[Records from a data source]
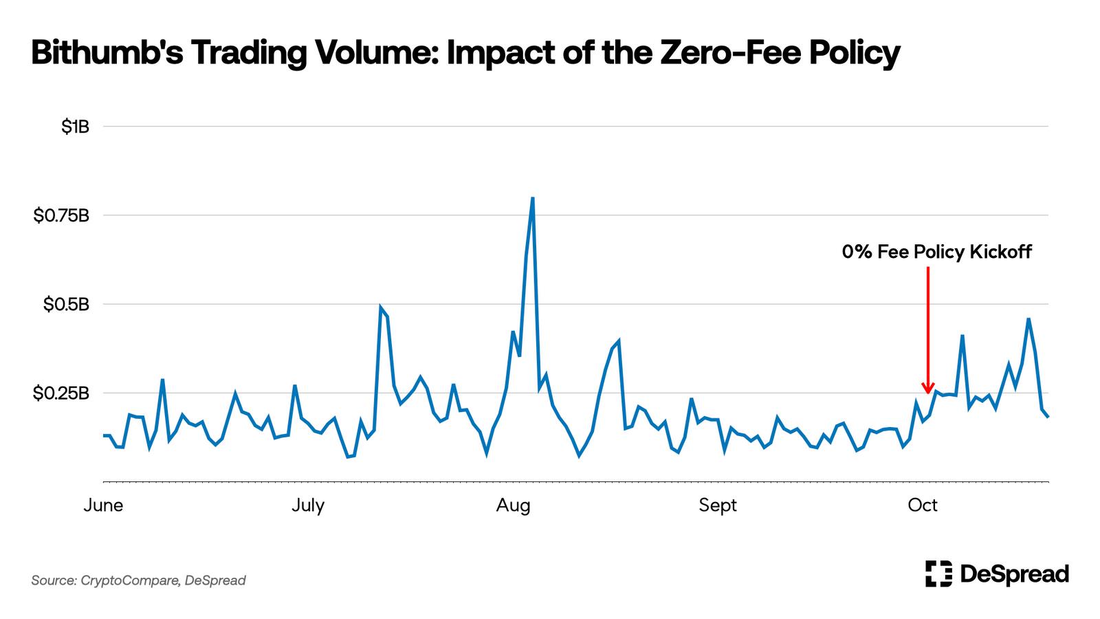 对零费用政策的初步反应:Bithumb,韩国的第二大交易所,在 10 月 4 日实施了 0%的费用政策。这一政策初步产生了积极效果,Bithumb 的交易量增加,其市场份额超过了 20%。
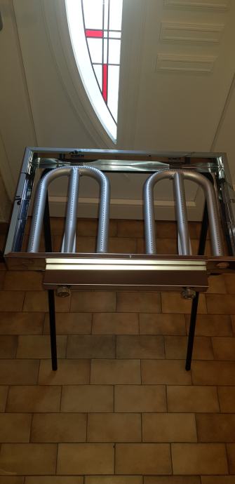 PLINSKI ŽAR 60x 45 Z PLOŠČO 4mm DEBELINE KOTLOVSKA PLOČEVINA INOX OKVIR DVA GORILCA NOGE CEV REGULATOR ZA NA JEKLENKO LOVILEC OLJA NERABLJEN PRODAM POKLIČITE 041 453 559
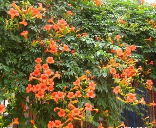 凌霄為常見藤本植物,綠葉蔥蔥,花開之時,橘紅色的花朵點綴于綠葉之間,光輝燦爛,生氣勃勃。
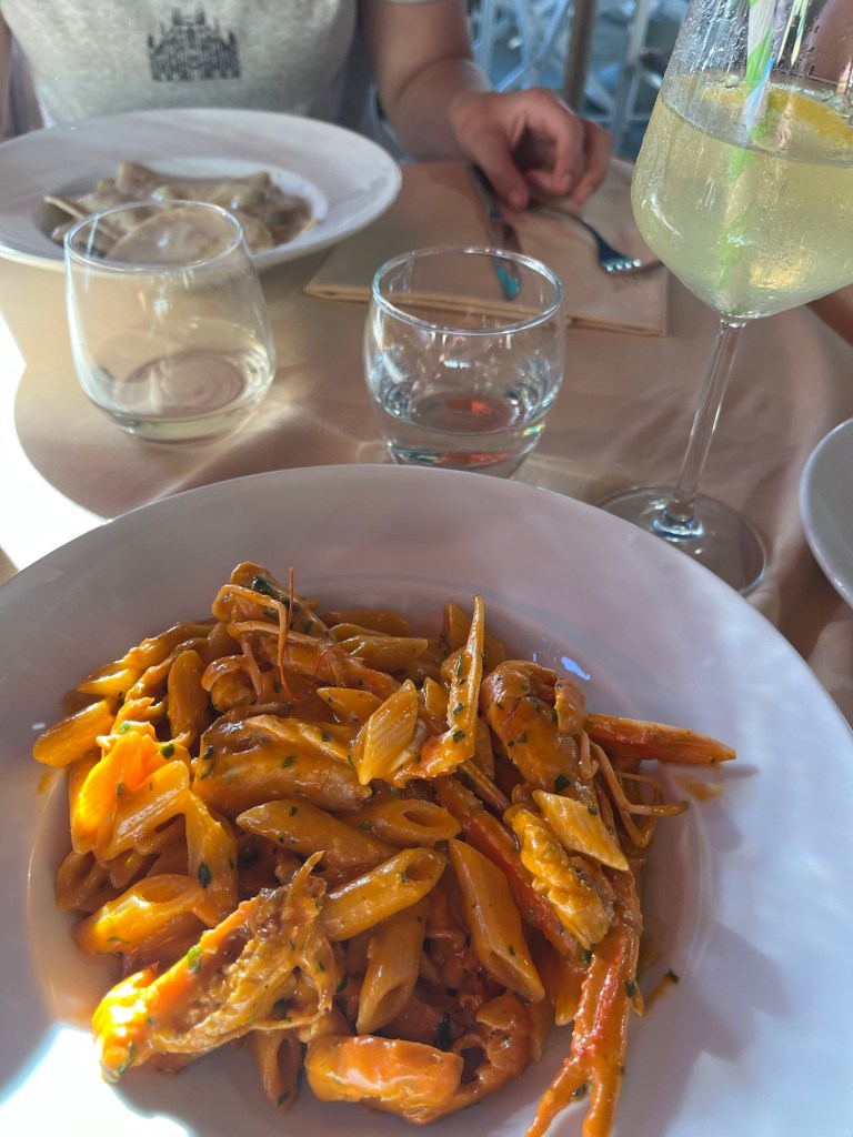 Now I can’t tell you for sure the name of the restaurant. I have learned in Italy it doesn’t matter quite as much in the United States. In most places you sit outside surround by umbrellas or a tent, so you never really see the name of the restaurant. I can tell you what I ordered though! It was a penne in a prawn sauce which means it was of course served with prawns, that I wasn’t really sure how to eat. I also ordered a lemon spritz which I wasn’t actually a huge fan of. It tasted too much like those lemon candies, if you know what I mean. We had a nice chat with the mom and daughter from the US at the table next to ours though. The daughter works in journalism and lives in Cairo, so Italy was a meeting place for them.
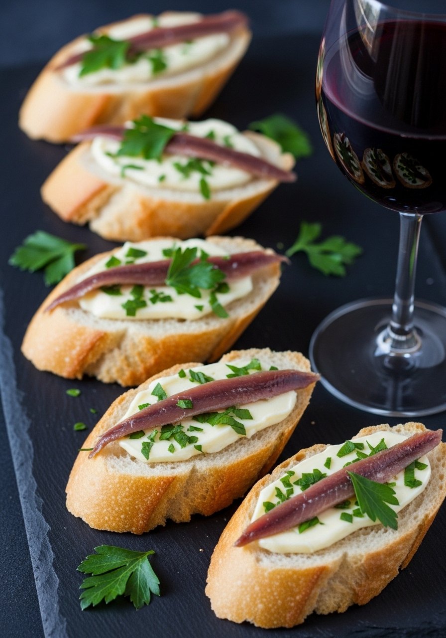 - Spread garlic butter on baguette slices (mix 2 cloves garlic into butter). Toast under broiler 1–3 minutes until golden.
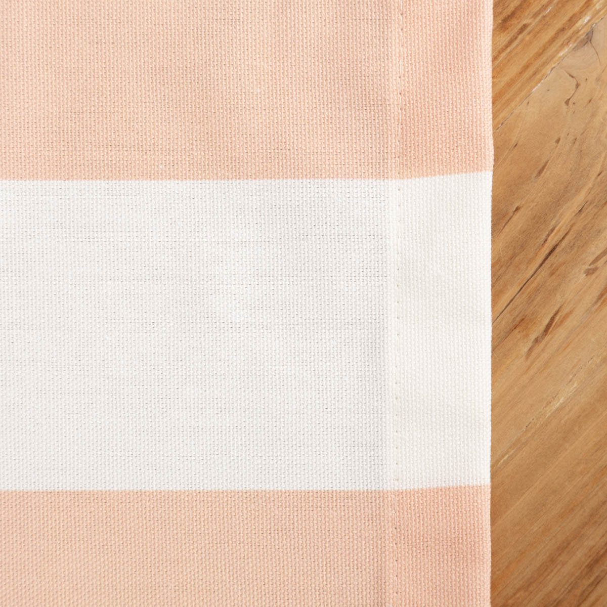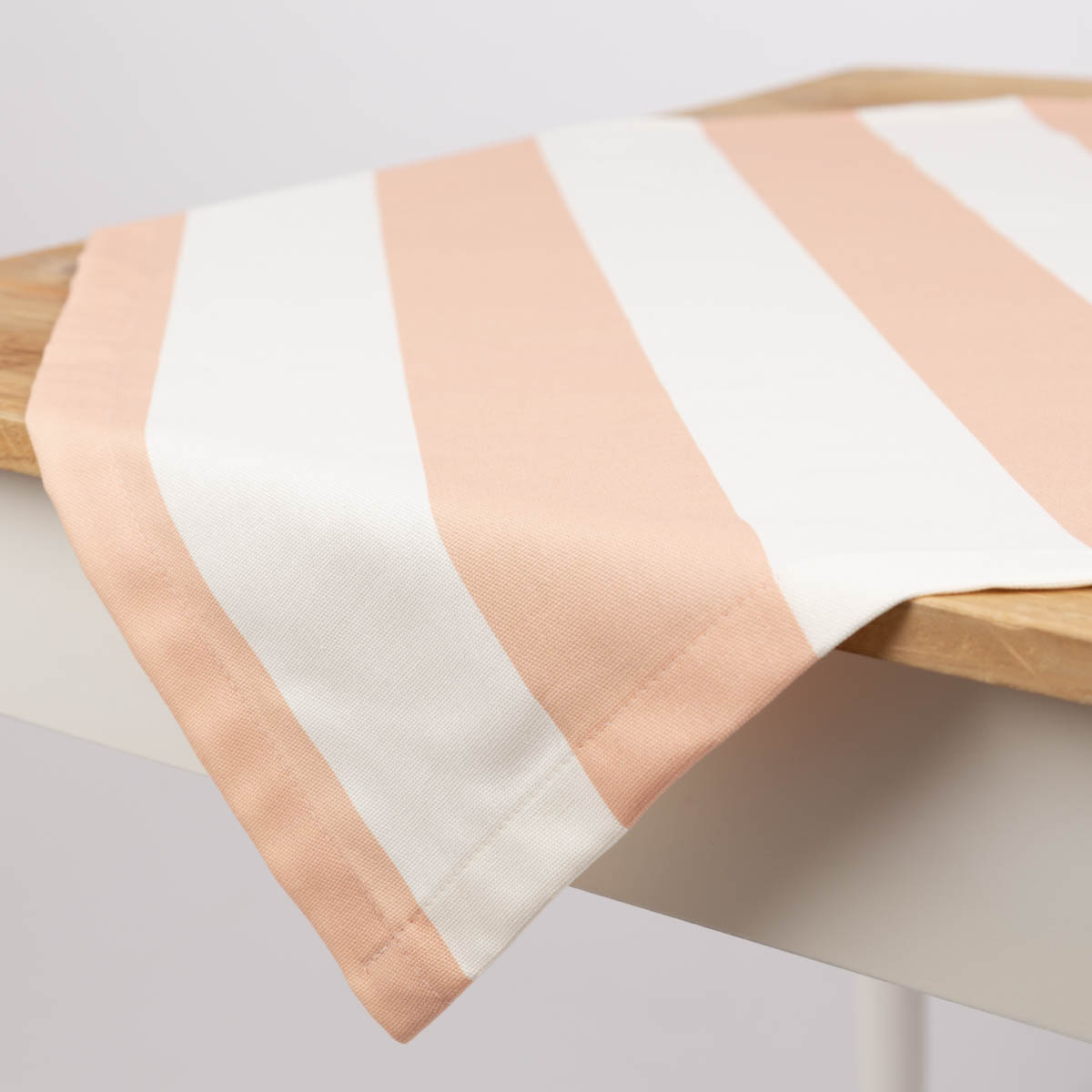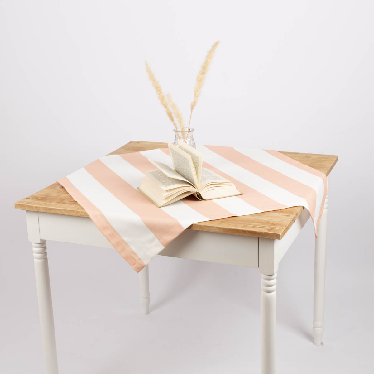 Tischdecke aus Baumwolle mit Streifen in Peach und Ecru – handgefertigt für dein Zuhause
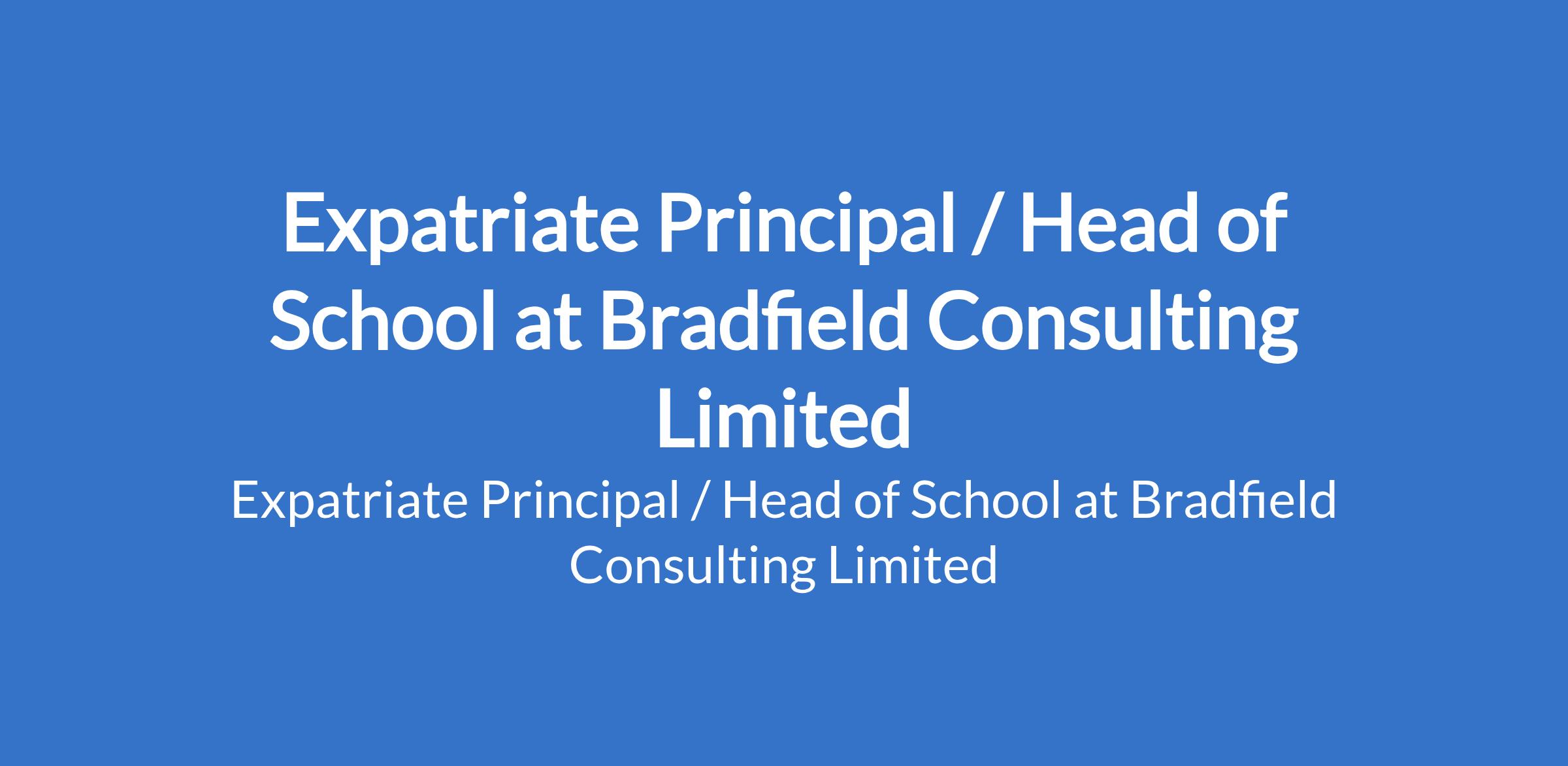 Bradfield Consulting Limited is recruiting to fill the position of: Expatriate Principal / Head of School. The position is located in Ikeja, Lagos State. Interested candidates should possess a First Degree, preferably B.Ed or its equivalent, from a reputable tertiary institution, Masters degree in educational management and planning or professional qualification in education or any other related certifications will be an advantage with ten (10) years cognate experience in an International School, and not less than Five (5) years in Management/Leadership position.
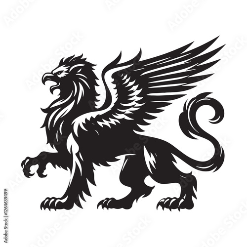 Fototapeta premium Powerful Griffin silhouette representing mythical strength and royalty - Griffin illustration - Griffin vector - mythical creature silhouette
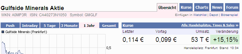 So oder so: Gulfside steht nun nur noch mit einem Gebiet da, das im Gegensatz zu Erdenetsogt noch nicht über einen NI-konformen Ressourcennachweis verfügt. Immerhin entspricht der Sharepreis eher diesen Gegebenheiten.

# ACTIVITY
Starting at the first line of the records above, set down each line exactly through the one that holds "凌霄為常見藤本植物,綠葉蔥蔥". Omit pictures.

# SOLUTION TO THE EXERCISE
 对零费用政策的初步反应:Bithumb,韩国的第二大交易所,在 10 月 4 日实施了 0%的费用政策。这一政策初步产生了积极效果,Bithumb 的交易量增加,其市场份额超过了 20%。
 PLINSKI ŽAR 60x 45 Z PLOŠČO 4mm DEBELINE KOTLOVSKA PLOČEVINA INOX OKVIR DVA GORILCA NOGE CEV REGULATOR ZA NA JEKLENKO LOVILEC OLJA NERABLJEN PRODAM POKLIČITE 041 453 559
 凌霄為常見藤本植物,綠葉蔥蔥,花開之時,橘紅色的花朵點綴于綠葉之間,光輝燦爛,生氣勃勃。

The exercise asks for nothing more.